(Saved entries)

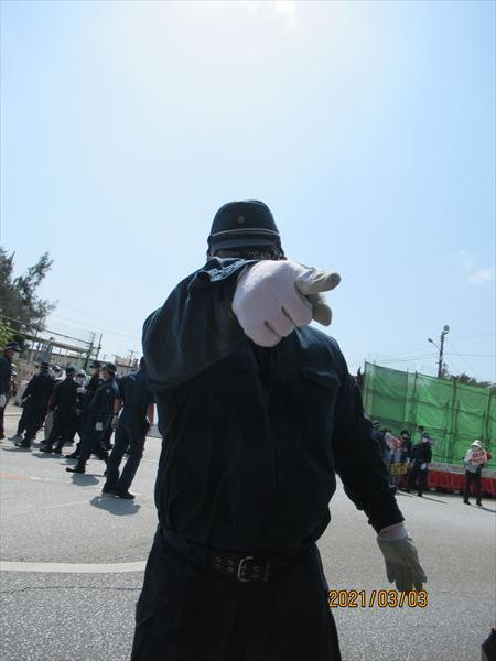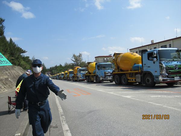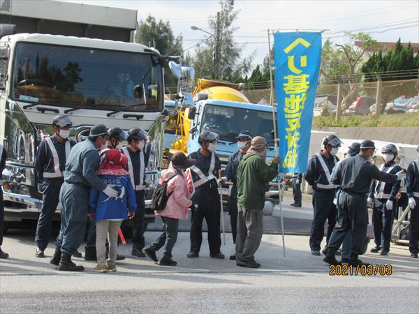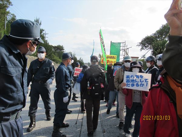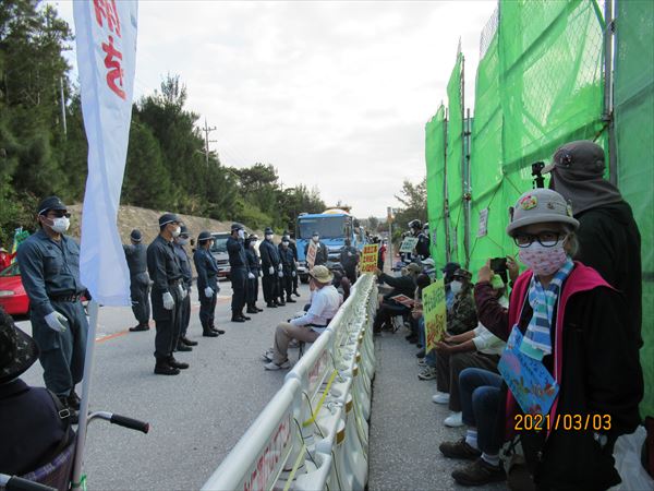 搬入の工事車両が途切れ、私たちがゲート前をデモ行進する間も、民間警備員と挟み撃ちのように威圧的な規制をした。
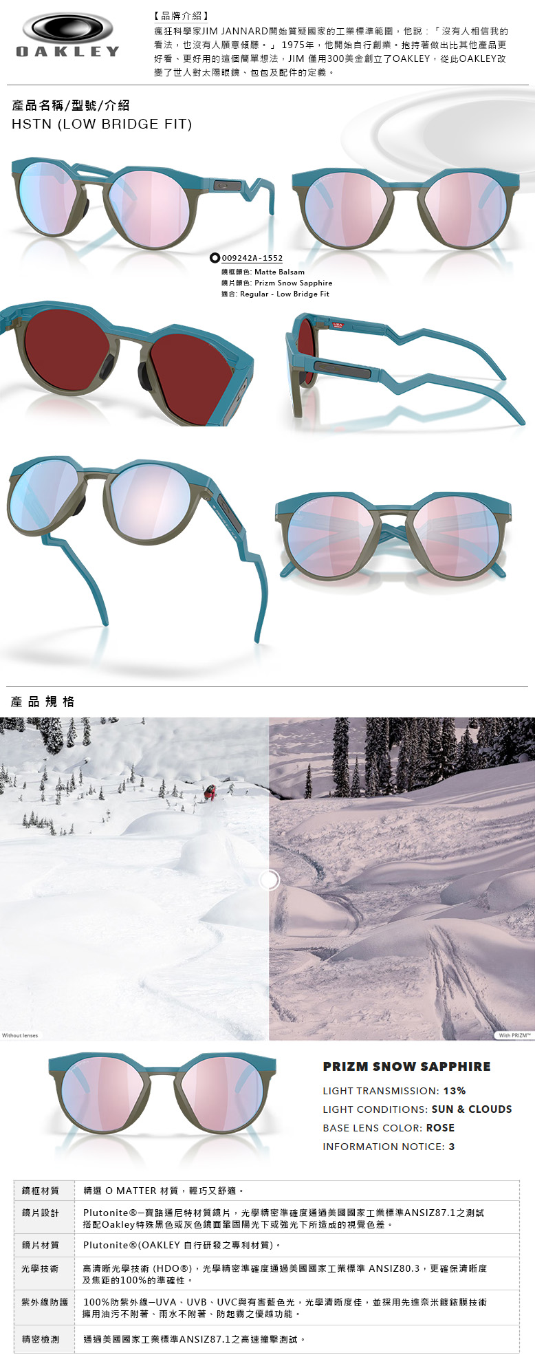 OAKLEY HSTN (LOW BRIDGE FIT) 亞洲版 PRIZM 色控科技 雪地用
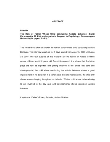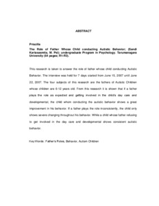 This research is taken to answer the role of father whose child conducting Autistic Behavior. The interview was held for 7 days started from June 15, 2007 until June 22, 2007. The four subjects of this research are the fathers of Autistic Children whose children are 6-12 years old. From this research it is shown that if a father plays the role as expected and getting involved in the child’s day care and developmental, the child whom conducting the autistic behavior shows a great improvement in his behavior. If a father plays the role inconsistently, the child only shows severe changing throughout his behavior. While a child whose father refusing to get involved in the day care and developmental shows consistent autistic behavior.
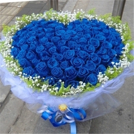 商品簡介:99支藍色妖姬 心形包裝滿天星外圍 藍色紗網包裝.
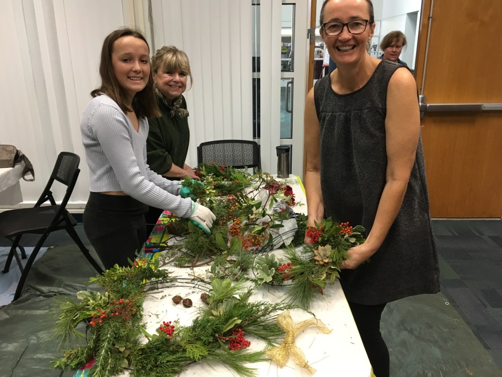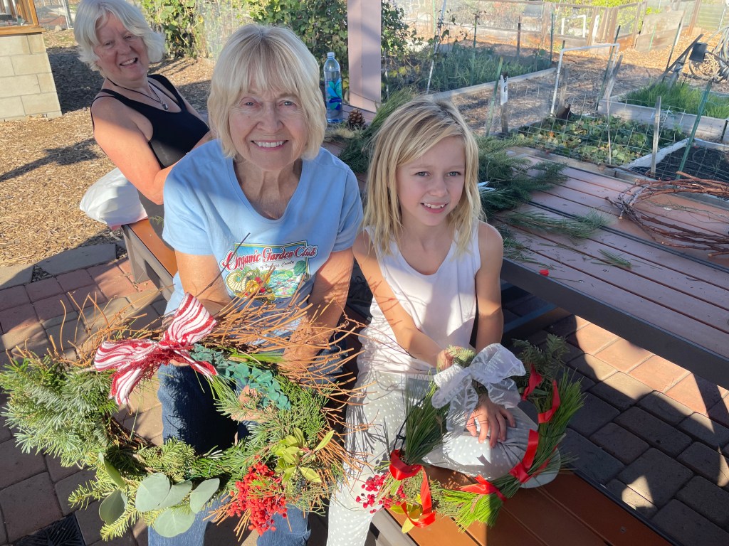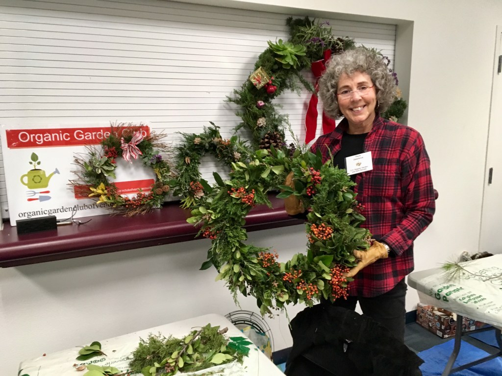 The Organic Garden Club has a Wreath Making Workshop every year. We provide wire wreath forms and floral wire. Members bring greenery, berries, moss, ribbons, and decorations to share. Some members have grapevines and straw that are made into a circle with twine to create a wreath form. If you don’t live nearby check your local craft store, where you can find various sizes of wire wreath forms and floral wire. Invite your friends over for an couple of hours of holiday spirit!
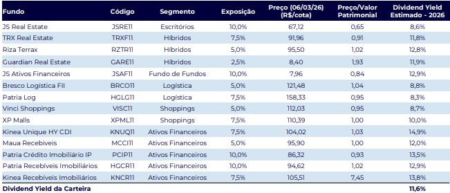 Carteira de fundos imobiliários segerida para março: JS Real Estate (JSRE11); TRX Real Estate (TRXF11); Riza Terrax (RZTR11); Guardian Real Estate (GARE11); JS Ativos Financeiros (JSAF11); Bresco Logística FII (BRCO11); Pátria Log (HGLG11); Vinci Shoppings (VISC11); XP Malls (XPML11); Kinea Unique HY CDI (KNUQ11); Mauá Recebíveis (MCCI11); Pátria Crédito Imobiliário Índice de Preços (PCIP11); Pátria Recebíveis Imobiliários (HGCR11) e Kinea Recebíveis Imobiliários (KNCR11).
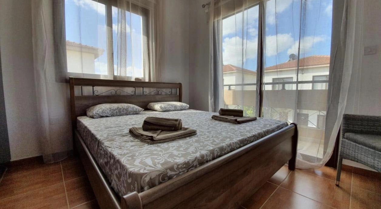 For rent 3 bedroom house with swimming pool in Kapparis. The house is fully furnished, equipped with household appliances and air conditioners. Sea view from the balcony. The location is within walking distance from one of the best beaches, cafes, restaurants and a supermarket.
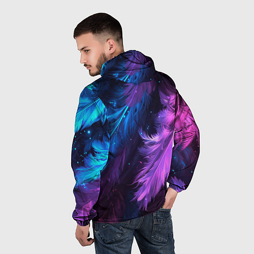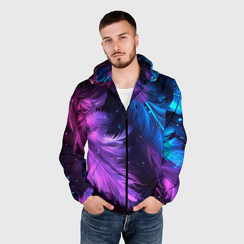Мужская 3D-ветровка с капюшоном Искрящиеся перья в розовых и голубых оттенках
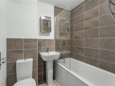 * Bathroom fitted with a white suite comprising a panelled bath with shower over and textured tiled surround, wash hand basin, WC, extractor.
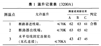 表2是溫升實驗室的質檢人員按照國家規范GB7251.1-1997的有關條款對該樣柜進行溫升實驗,對整個母線槽系統的關鍵處和搭接面進行丈量(測得部分溫升記載)
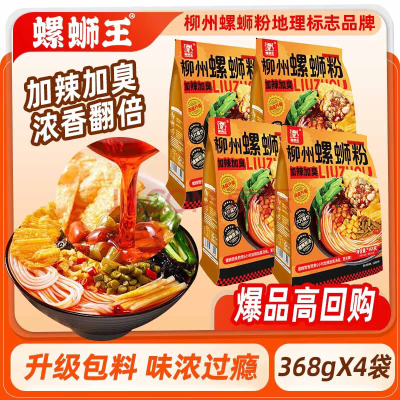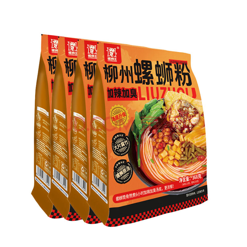 商品名称:螺蛳王柳州螺蛳粉加辣加臭368g*4袋 大片腐竹 地理标志品牌酸辣粉米粉线
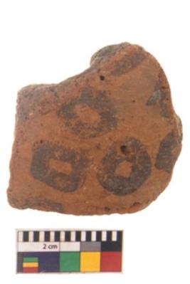 | Description / विवरण | Specimen of black on red ware with black decorative Circles geometric painting. |
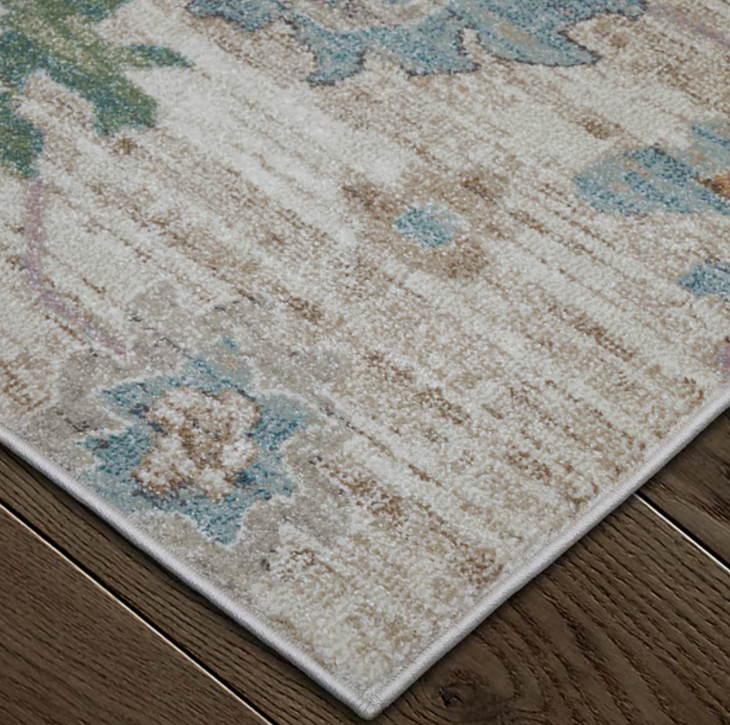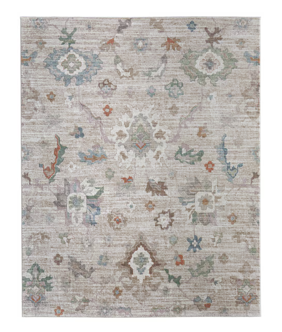 Diseños tradicionales con patrones en inspiración persa. Paleta de tonalidades marfil, beige, gris, azul, verde que convierte versátil cualquier habitación.

PROBLEM REQUIREMENTS
Copy the data word for word and omit every picture.

RESPONSE TO THE TASK
 搬入の工事車両が途切れ、私たちがゲート前をデモ行進する間も、民間警備員と挟み撃ちのように威圧的な規制をした。
 OAKLEY HSTN (LOW BRIDGE FIT) 亞洲版 PRIZM 色控科技 雪地用
 This research is taken to answer the role of father whose child conducting Autistic Behavior. The interview was held for 7 days started from June 15, 2007 until June 22, 2007. The four subjects of this research are the fathers of Autistic Children whose children are 6-12 years old. From this research it is shown that if a father plays the role as expected and getting involved in the child’s day care and developmental, the child whom conducting the autistic behavior shows a great improvement in his behavior. If a father plays the role inconsistently, the child only shows severe changing throughout his behavior. While a child whose father refusing to get involved in the day care and developmental shows consistent autistic behavior.
 商品簡介:99支藍色妖姬 心形包裝滿天星外圍 藍色紗網包裝.
 The Organic Garden Club has a Wreath Making Workshop every year. We provide wire wreath forms and floral wire. Members bring greenery, berries, moss, ribbons, and decorations to share. Some members have grapevines and straw that are made into a circle with twine to create a wreath form. If you don’t live nearby check your local craft store, where you can find various sizes of wire wreath forms and floral wire. Invite your friends over for an couple of hours of holiday spirit!
 Carteira de fundos imobiliários segerida para março: JS Real Estate (JSRE11); TRX Real Estate (TRXF11); Riza Terrax (RZTR11); Guardian Real Estate (GARE11); JS Ativos Financeiros (JSAF11); Bresco Logística FII (BRCO11); Pátria Log (HGLG11); Vinci Shoppings (VISC11); XP Malls (XPML11); Kinea Unique HY CDI (KNUQ11); Mauá Recebíveis (MCCI11); Pátria Crédito Imobiliário Índice de Preços (PCIP11); Pátria Recebíveis Imobiliários (HGCR11) e Kinea Recebíveis Imobiliários (KNCR11).
 For rent 3 bedroom house with swimming pool in Kapparis. The house is fully furnished, equipped with household appliances and air conditioners. Sea view from the balcony. The location is within walking distance from one of the best beaches, cafes, restaurants and a supermarket.
Мужская 3D-ветровка с капюшоном Искрящиеся перья в розовых и голубых оттенках
 * Bathroom fitted with a white suite comprising a panelled bath with shower over and textured tiled surround, wash hand basin, WC, extractor.
 表2是溫升實驗室的質檢人員按照國家規范GB7251.1-1997的有關條款對該樣柜進行溫升實驗,對整個母線槽系統的關鍵處和搭接面進行丈量(測得部分溫升記載)
 商品名称:螺蛳王柳州螺蛳粉加辣加臭368g*4袋 大片腐竹 地理标志品牌酸辣粉米粉线
 | Description / विवरण | Specimen of black on red ware with black decorative Circles geometric painting. |
 Diseños tradicionales con patrones en inspiración persa. Paleta de tonalidades marfil, beige, gris, azul, verde que convierte versátil cualquier habitación.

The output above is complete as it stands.